Vacation Planning with Chris for travel tips with his Top 10 Wildlife Experiences

                     

Top 10 Canadian Wildlife Experiences

Chris’ personal picks from places in the world that he has visited.


Bison – Edmonton, Alberta:  Elk Island National Park is the closest National Park to any major Canadian city. Just 35 km east of the city, it is home to free-roaming herds of elk, moose, deer and bison. My up-close-and-personal encounter with a huge bison came within 100 meters the park entrance as it straddled the road imperiously.

Black Bear – Haliburton Highlands, Ontario: As a cottager in the Haliburton Highlands – and a runner – I’ve had more than my fair share of interactions with black bears. All of them have been positive and wondrous – including mums and cubs, and an alpha male boxing the ears of a young pretender in a test of testosterone testiness.

Grizzly Bear – Kluane, Yukon:  A heli-hiking trip had dropped my son and I atop the summit of a peak high above Kluane Lake. We were bushwacking down a gully when we abruptly came face to face with a huge grizzly raised up on its hind legs looking down at us a few feet away…We survived to tell the tale countless times.

Polar Bear – Akpatok Island, Nunavut: We were on a zodiac headed toward an island in the Bay of Ungava when we spotted the polar bear swimming for shore. Staying at a respectful distance, we watched as the world’s largest carnivore waded ashore and then enjoyed an ecstatic roll in the seaweed beds like a big kid.

Beluga – Saguenay, Quebec:  I had wanted to view these white whales in the wild and my chance came from a sailboat in the Saguenay Fjord. It was a beautiful sight – a large pod of beluga frolicking beneath the imposing walls of the fjord, as curious about us as we were about them.

Humpback- Bay of Fundy, New Brunswick & Nova Scotia: I’ve been fortunate enough to enjoy several whale watching trips in the Bay of Fundy, but the most memorable by far was a mother humpback whale teaching its calf how to breach feed in the waters of Passamaquoddy Bay.

Salmon – Stewart, British Columbia: So many wildlife experiences are blind luck, as it was when we arrived at the aptly named Fish Creek in the midst of the spawning run of the chum salmon.

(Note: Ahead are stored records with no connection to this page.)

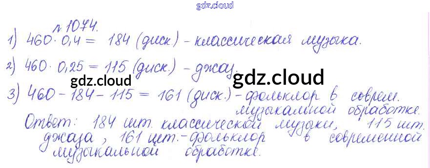 Ответ на задание 1074 Сборник задач и упражнений Математика за 5 (пятый) класс Гамбарин, Зубарева 2011 ФГОС онлайн и без номера телефона.
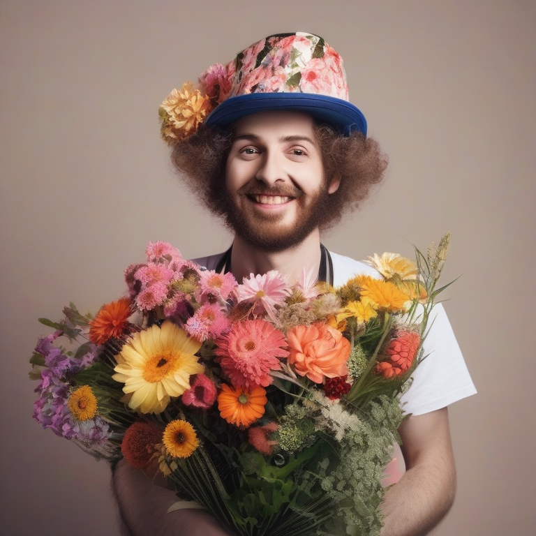 Мужчина, лет 40, мне казалось, он бывал пьяненький, мама говорит, что не пил, жил на таблетках. Одет обычно, на первый взгляд - рубашка, брюки, кирзовые сапоги, картуз, но у него, всё это, было украшено цветами и обязательно букет в руках. Свежие, красивые цветы. Дедушка нам строго-настрого запрещал с ним какие-то контакты, говорил, что он больной, неизвестно что на уме. Мне же, честно говоря, этот дядька нравился. Всегда в хорошем настроении, в руках букет цветов, идёт напевает что-то под нос. Увидев его на улице, напуганная дедом, сразу пряталась за воротами, чтоб не заметил, убегала в огород, там быстренько залезала на баню и от туда смотрела на это диво дивное. Второй - из взрослой жизни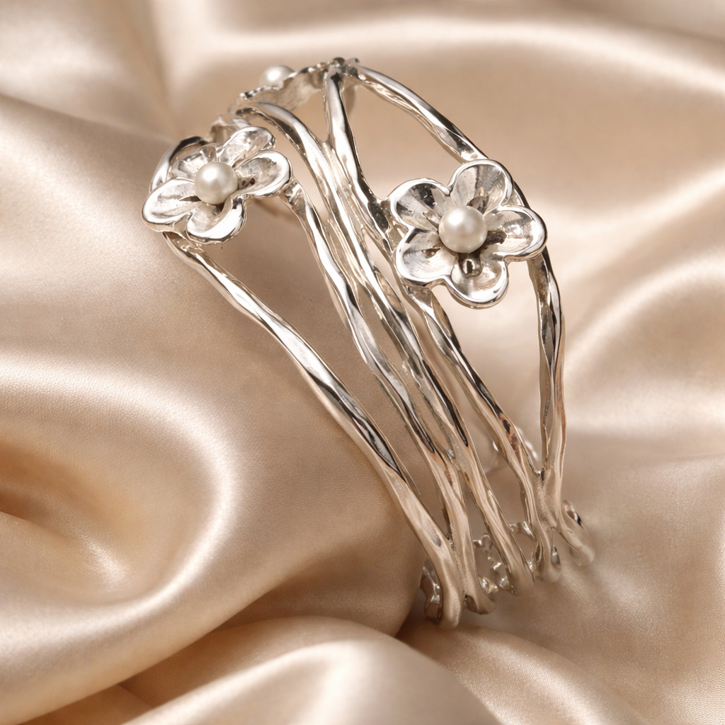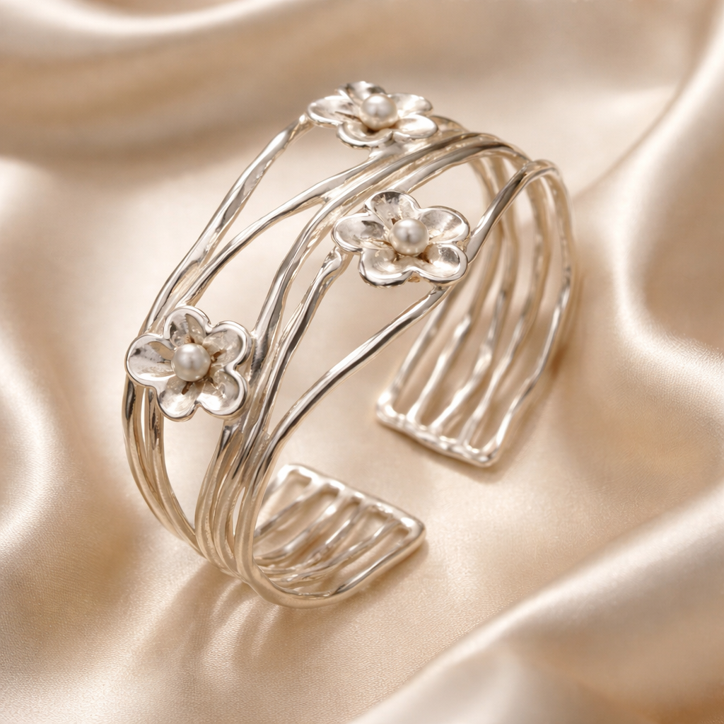 צמיד כסף עם פרחים ופנינים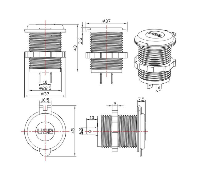 USB разъем двойной 2.1А+2.1А с красной подсветкой А53R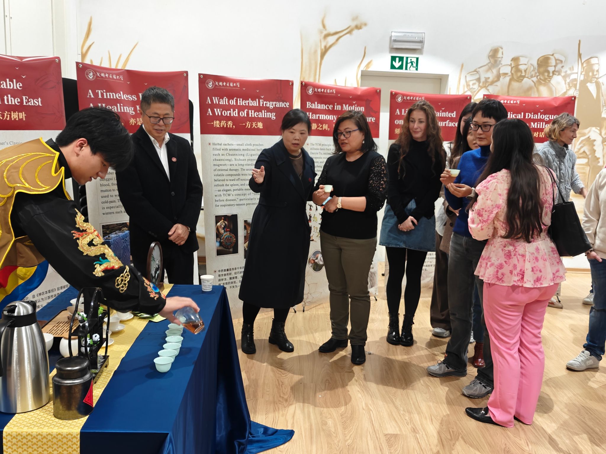 活动现场,张泽钧一行与瑞士各界人士共同巡展,参观了中医药文化展台和中药茶饮品鉴区,beat365官网三位正在瑞士参加海外访学的学生分别进行了推拿手法展示、中药香囊制作、非遗功夫茶艺和川剧变脸表演,现场气氛热烈,互动频繁。

Back to back across the river, their colourful bodies surged forward in their thousands, a feast for the many attendant bears.

Moose – Cypress Hills, Saskatchewan: Like most Canadians, I’d seen moose before, mostly along Algonquin roadsides. But on a dusk stroll in Cypress Hills Provincial Park I came face-to-elongated-face with a huge moose. Across a few feet and a few evolutionary turns, we gazed into each other’s eyes for an eternity.

Caribou – Dempster Highway, NWT: Driving south from Inuvik on the Dempster Highway, we were fortunate to intercept the migration of the Porcupine Herd. First a few tens, then hundreds, then thousands of wandering caribou were sprinkled across the vast Arctic plain. And they are more handsome than Africa’s wildebeest!

Garter Snakes – Interlakes, Manitoba: On a family road trip through Manitoba, we stopped at a small quarry to let the boys stretch their legs. They returned with armfuls of writhing snakes. We had lucked out and arrived at a garter snake hibernaculum where thousands of snakes emerge simultaneously from their winter hibernation.